=== Material for this exercise ===
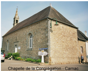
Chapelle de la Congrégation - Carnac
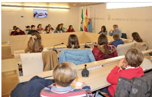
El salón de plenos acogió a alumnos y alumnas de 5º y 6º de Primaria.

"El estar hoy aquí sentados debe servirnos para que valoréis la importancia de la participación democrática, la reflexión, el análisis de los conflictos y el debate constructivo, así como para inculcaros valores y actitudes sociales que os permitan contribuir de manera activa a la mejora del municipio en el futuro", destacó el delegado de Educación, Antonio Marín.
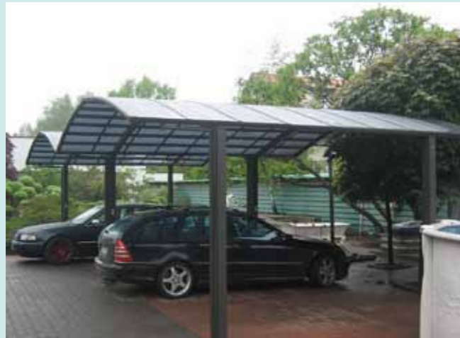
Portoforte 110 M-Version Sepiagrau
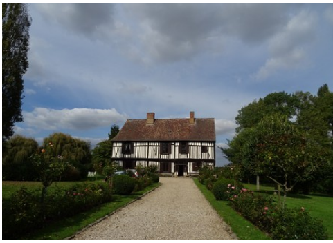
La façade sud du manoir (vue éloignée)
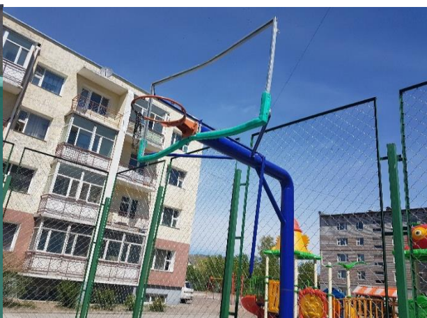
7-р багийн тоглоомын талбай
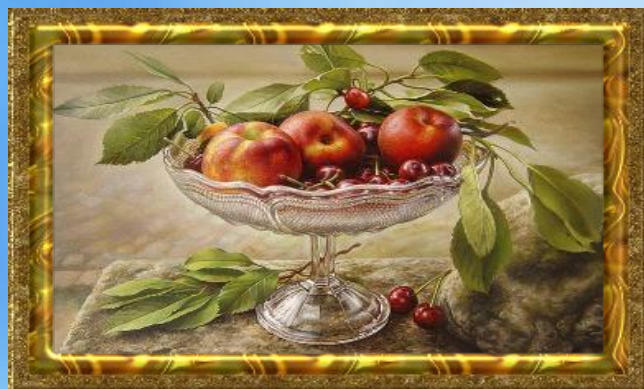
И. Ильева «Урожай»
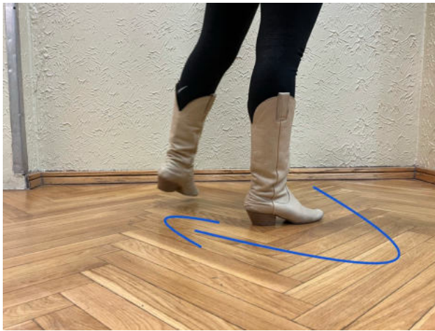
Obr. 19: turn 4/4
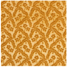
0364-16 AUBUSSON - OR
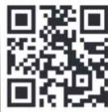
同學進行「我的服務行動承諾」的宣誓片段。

* * *

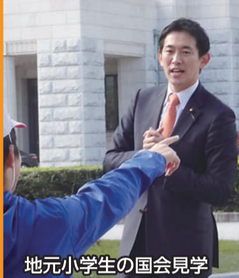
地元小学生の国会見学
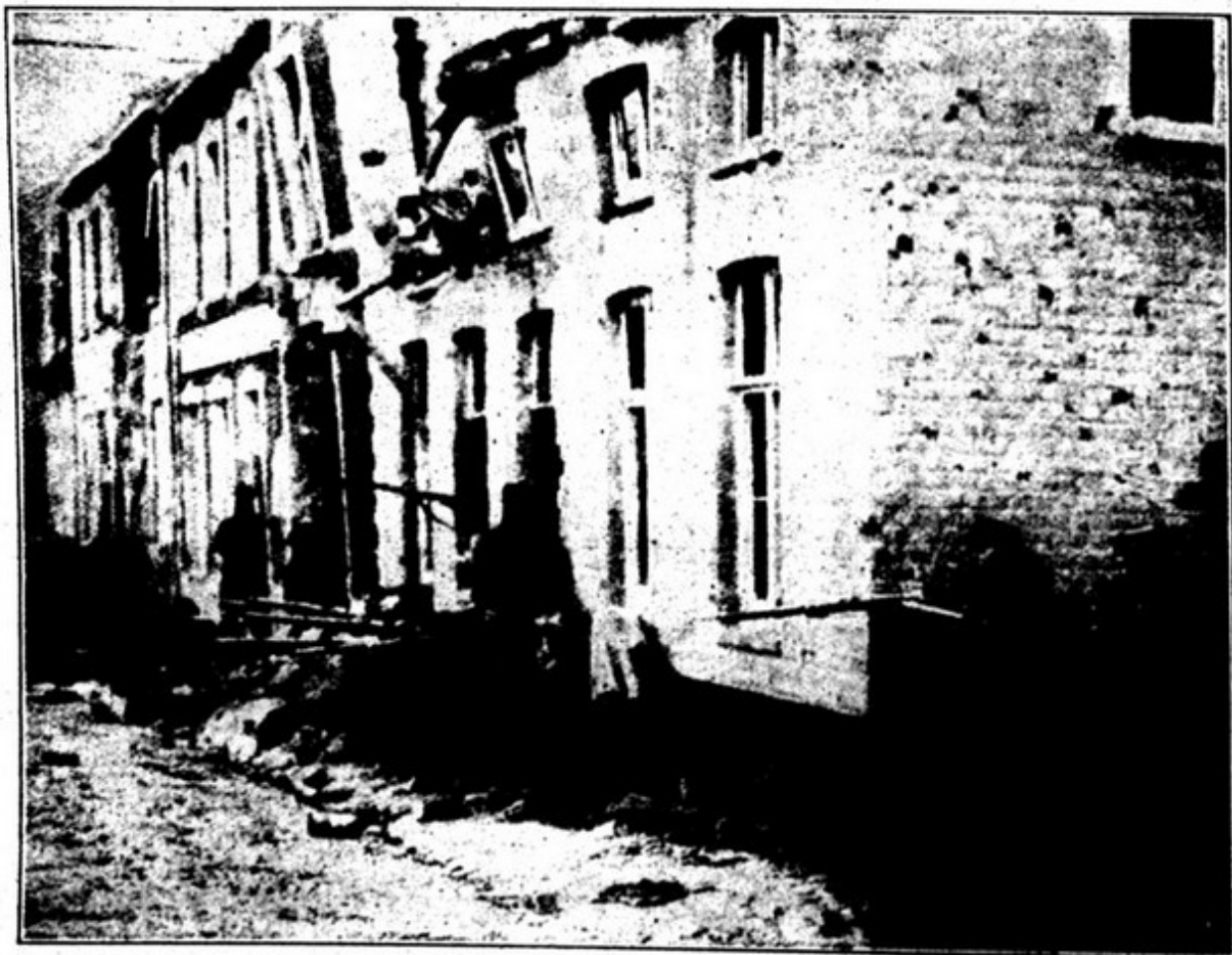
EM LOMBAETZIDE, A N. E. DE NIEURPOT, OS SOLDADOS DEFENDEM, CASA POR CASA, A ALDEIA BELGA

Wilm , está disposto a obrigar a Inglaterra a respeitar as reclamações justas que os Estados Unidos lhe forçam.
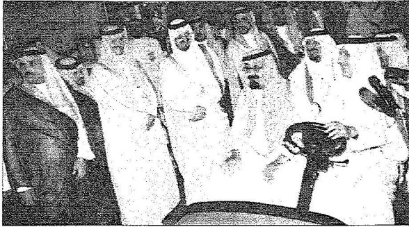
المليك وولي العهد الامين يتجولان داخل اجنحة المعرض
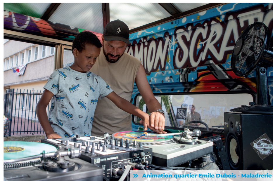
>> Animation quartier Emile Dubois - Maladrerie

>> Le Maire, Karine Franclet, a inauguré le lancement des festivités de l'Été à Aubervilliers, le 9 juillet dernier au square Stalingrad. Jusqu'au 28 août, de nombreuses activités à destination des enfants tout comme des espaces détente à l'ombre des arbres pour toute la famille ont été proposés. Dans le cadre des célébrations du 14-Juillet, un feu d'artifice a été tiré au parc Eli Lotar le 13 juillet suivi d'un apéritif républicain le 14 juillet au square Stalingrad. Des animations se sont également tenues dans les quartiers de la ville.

* * *

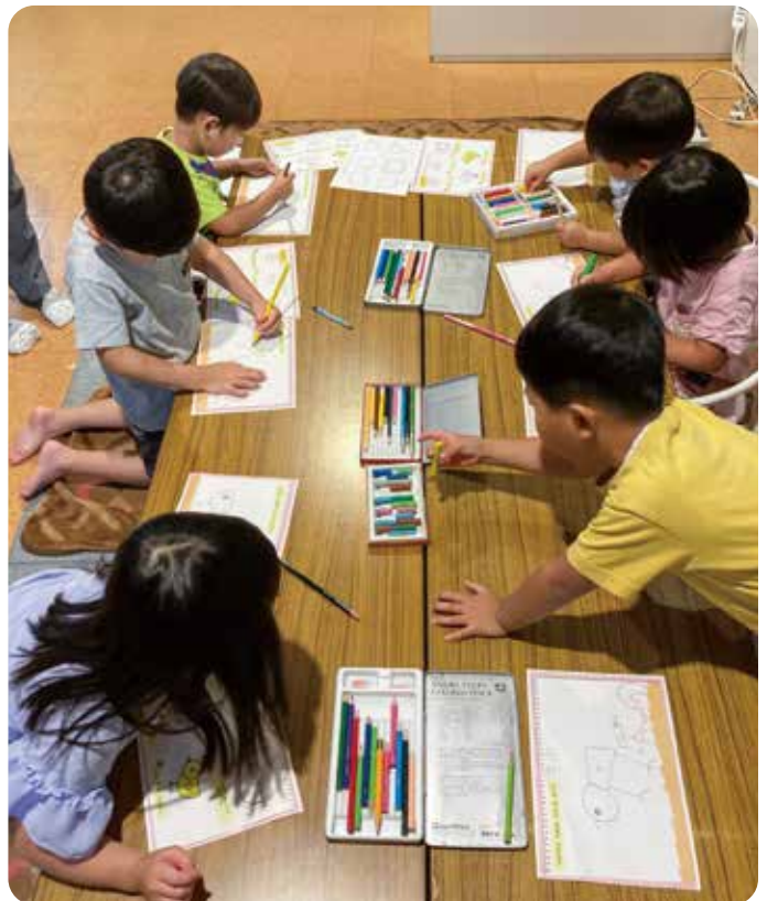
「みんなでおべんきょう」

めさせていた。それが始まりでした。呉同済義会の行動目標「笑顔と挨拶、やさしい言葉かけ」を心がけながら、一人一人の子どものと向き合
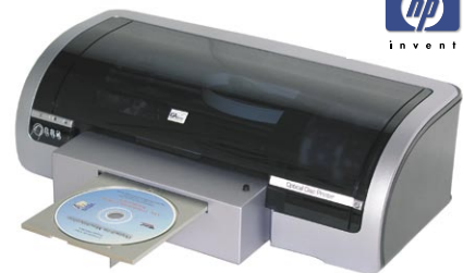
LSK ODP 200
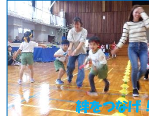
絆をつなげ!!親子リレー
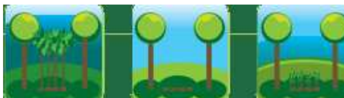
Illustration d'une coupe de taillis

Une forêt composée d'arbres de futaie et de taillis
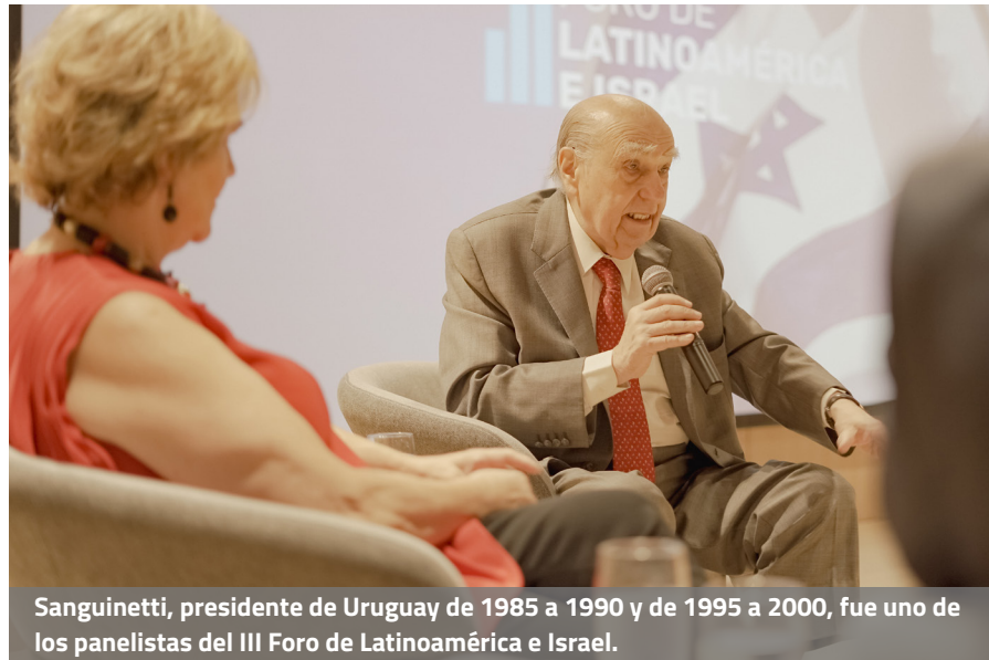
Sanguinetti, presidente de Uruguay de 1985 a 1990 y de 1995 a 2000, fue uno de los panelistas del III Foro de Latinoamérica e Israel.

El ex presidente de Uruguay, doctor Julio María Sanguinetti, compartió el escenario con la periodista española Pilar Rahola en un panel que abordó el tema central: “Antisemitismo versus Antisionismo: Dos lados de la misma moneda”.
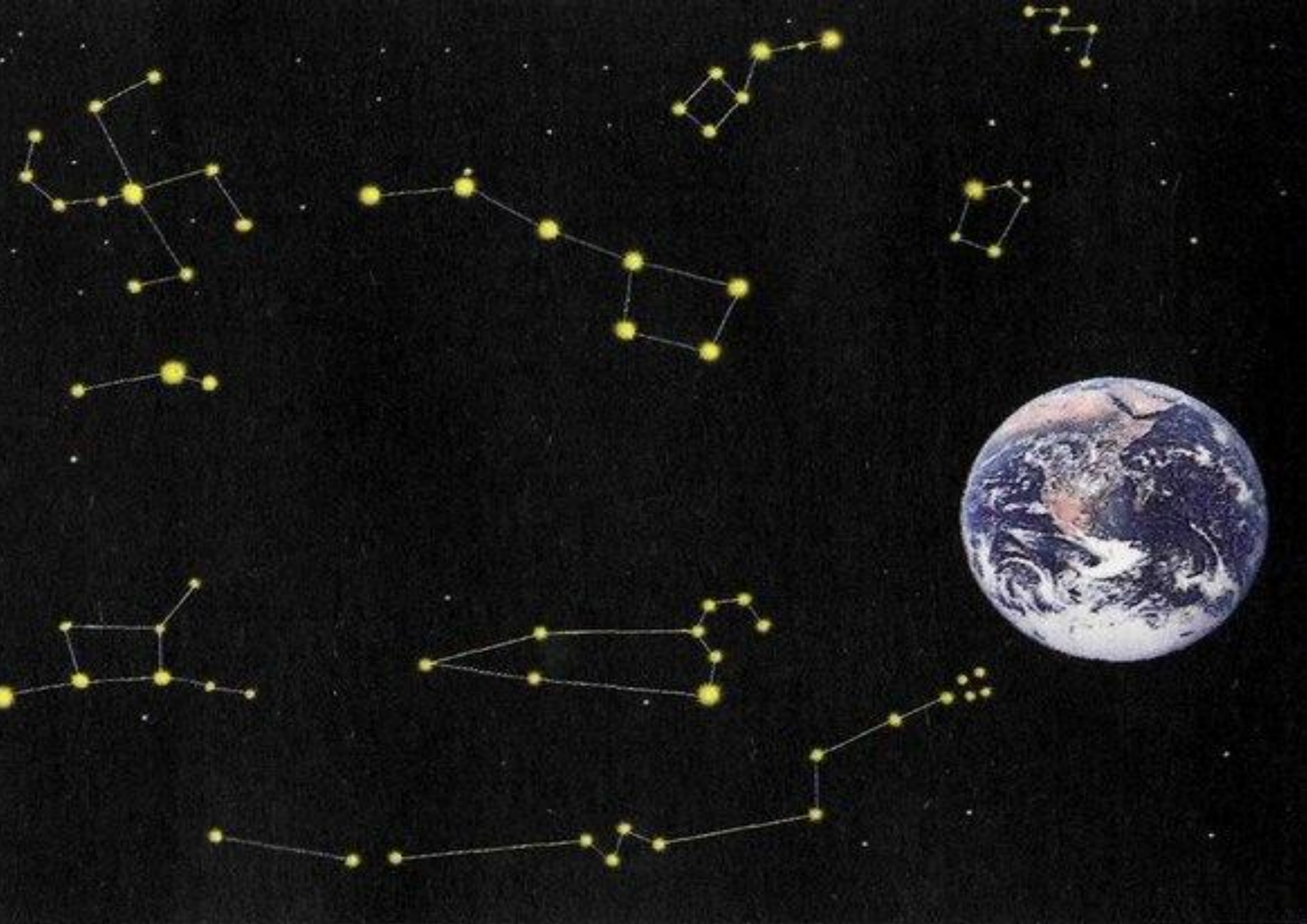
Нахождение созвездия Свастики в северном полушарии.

=== Exercise prompt ===
With the pictures omitted, copy exactly the lines of the listing above starting at the line containing "Educación, Antonio Marín." and ending at the line containing "同學進行「我的服務行動承諾」的宣誓片段。", both included.

=== Output ===
"El estar hoy aquí sentados debe servirnos para que valoréis la importancia de la participación democrática, la reflexión, el análisis de los conflictos y el debate constructivo, así como para inculcaros valores y actitudes sociales que os permitan contribuir de manera activa a la mejora del municipio en el futuro", destacó el delegado de Educación, Antonio Marín.
Portoforte 110 M-Version Sepiagrau
La façade sud du manoir (vue éloignée)
7-р багийн тоглоомын талбай
И. Ильева «Урожай»
Obr. 19: turn 4/4
0364-16 AUBUSSON - OR
同學進行「我的服務行動承諾」的宣誓片段。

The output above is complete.